Leer starrte ich an die Wand. Man hatte mir die Fernbedienung weggenommen, damit ich nicht mehr den gesamten Tag und die gesamte Nacht die Berichterstattungen über den Anschlag ansah.
Gelangweilt drehte ich der Zimmertür den Kopf zu, als diese sich öffnete. Anscheinend war es Zeit für die Visite. Ein Haufen Menschen betraten mein Zimmer. Mehr als es wahrscheinlich sein sollten.
Einer der Assistenzärzte ratterte meinen "Unfall" und die daraus folgenden Schäden herunter. Ein anderer erklärte was unternommen wurde und wie meine Behandlung weiter verlaufen würde.
"Sie sind wahrlich eine Heldin", flüsterte mir eine junge Ärztin aufgeregt zu.
Wütend sah ich sie an.
"Eine Heldin?!", fragte ich genervt, "Das höre ich schon ständig in den Nachrichten. Aber meiner Rechnung nach habe ich wirklich nichts bewirkt!"
Erschrocken zuckte die Ärztin zurück. Alle Eindringlinge in meinem Zimmer sahen mich verwirrt an.
"Wie meinen Sie das?", fragte mein Arzt nach. Ich konnte mir schon ganz genau vorstellen, wie er gerade einen Vermerk machte, dass ich einen Besuch bei einem Psychologen bräuchte.
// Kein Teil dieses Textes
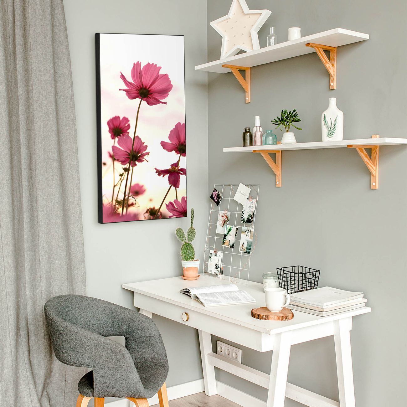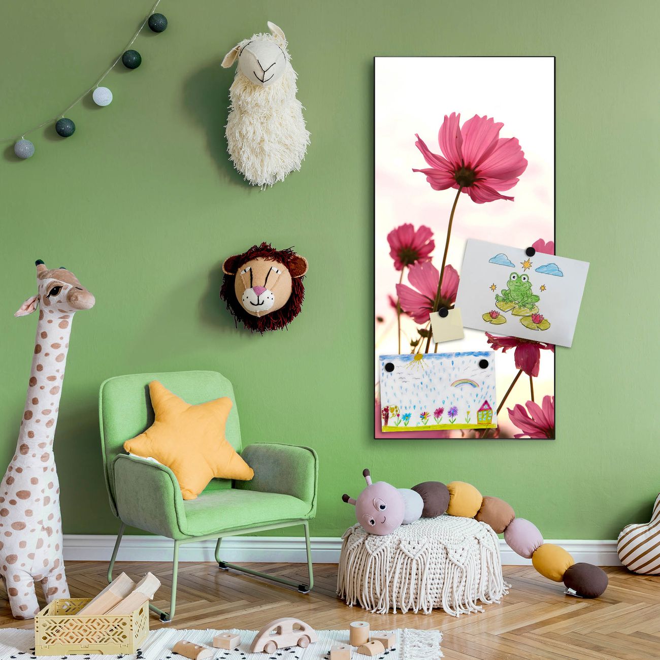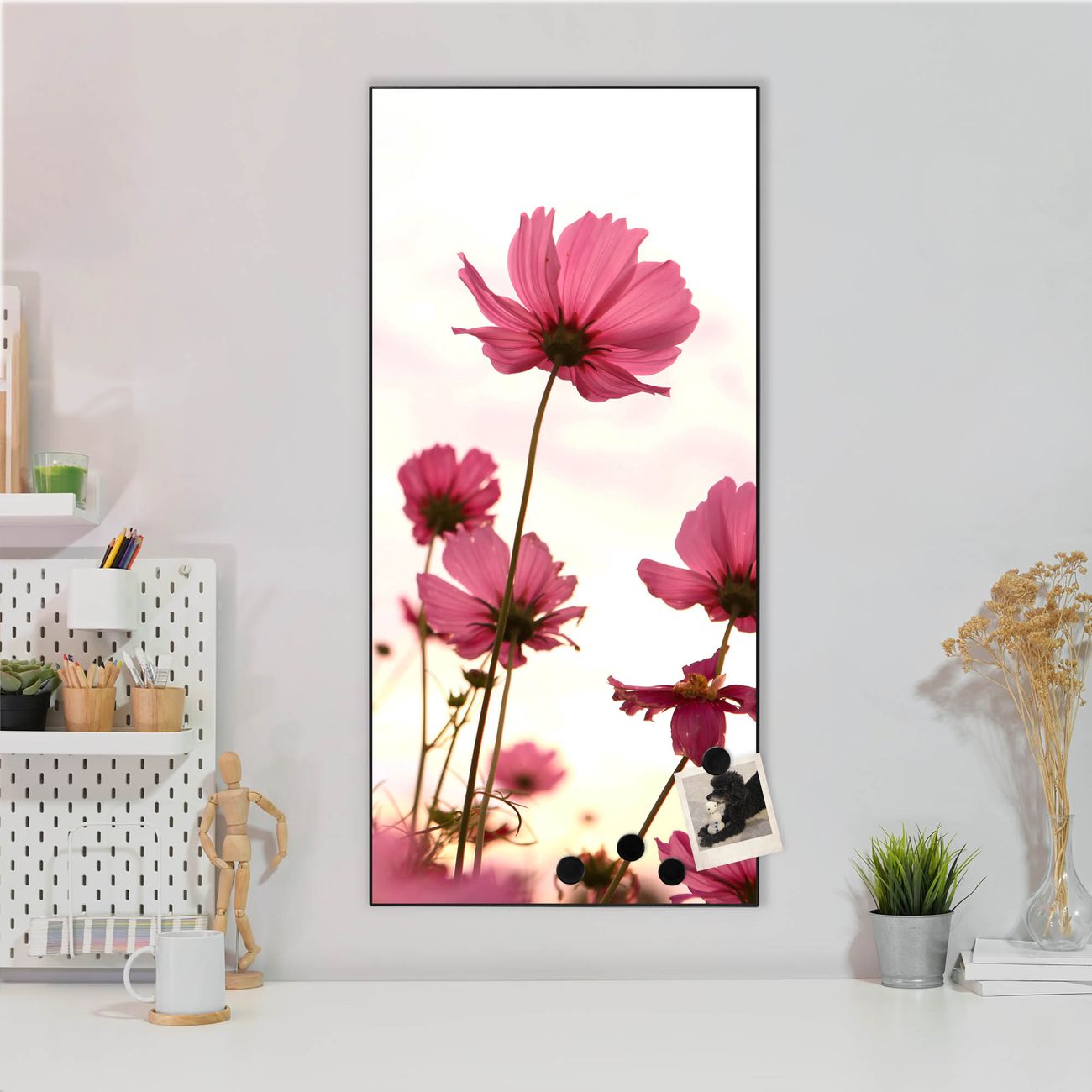 FUNKTION:  Die banjado Magnettafel mit Motiv Cosmea Motiv bringt Ordnung in Ihr Zettelchaos. Fotos, Termine, Notizen oder Rezepte lassen Sich hier stilvoll mit Magneten ordnen, Sie behalten alles im Blick. An der Design Magnettafel halten alle handesüblichen Magnete. DESIGN:  Die magnetische Pinnwand mit dem Motiv Motiv Cosmea ist ein eleganter Begleiter im Alltag. Mit dieser Memotafel aus Metall haben Sie auch ohne Notizen und Magnete ein schönes Dekoelement. Das Format bietet Ihnen ausreichend Platz um alle wichtigen Informationen im Blick zu behalten. DETAILS:  Die Magnettafel besteht aus silber-grau, weiß oder schwarzlackiertem Stahl. Sie hat eine Größe von 37 x 78 x 2cm. Es befinden sich auf der Rückseite vorgefertigte Aufhängungen die eine schnelle und unkomplizierte Anbringung ermöglichen. Das Motiv ist mit einem seidenmatten Laminat versehen und schützt so zusätzlich vor Kratzern. NUTZEN:  Sie können dieses Memoboard groß als Wandbild nutzen, es halten alle handelsüblichen Magneten daran. Die Pinnwand ist mit einem feuchten Lappen oder Schwamm abwischbar. Sie finden bei uns eine große Auswahl an passenden Magneten. BANJADO:  Wir sind ein kleines Team aus dem Herzen von Sachsen. Wir fertigen alle Artikel von Hand für Sie an, Sie erhalten keine preiswerte Importware. Auf Wunsch können Sie auch Ihr eigenes Foto auf die Magnettafel aufbringen, schreiben Sie uns an. Herzlichst, Ihr banjado-Team

"Nun ja, ganz einfach. Jan und ich haben an diesem Tag gezählt. Wir hatten 34 Verletzte Personen und die Leichen, die die man noch als Menschen erkennen konnte waren 27. Wenn wir davon ausgehen das noch einmal genauso viele Menschen gestorben sind, aber nicht mehr zu erkenne waren, kommen wir auf eine Zahl von 54 Toten. In den Nachrichten wird aber von mehr als siebzig Toten in der Westkurve gesprochen. Also erklären Sie mir, woher kommen noch mehr Tote, wenn ich doch so eine Heldin bin?!", fragte ich herausfordernd, "Sie fühlen sich bestimmt auch als eine Heldin, weil sie hier die Verletzten versorgt haben. Aber dabei vergessen Sie, das ich Leichenteile beiseite schieben musste, um Ihre Verletzten überhaupt zu finden. Sie vergessen, das da draußen Familien sind, die niemals eine richtige Erklärung dafür bekommen werden, was passiert ist und warum ihre Mutter, ihr Vater, ihre Geschwister oder ihre Kinder niemals eine richtige Beerdigung bekommen können, weil nicht alles von ihnen gefunden wurde!"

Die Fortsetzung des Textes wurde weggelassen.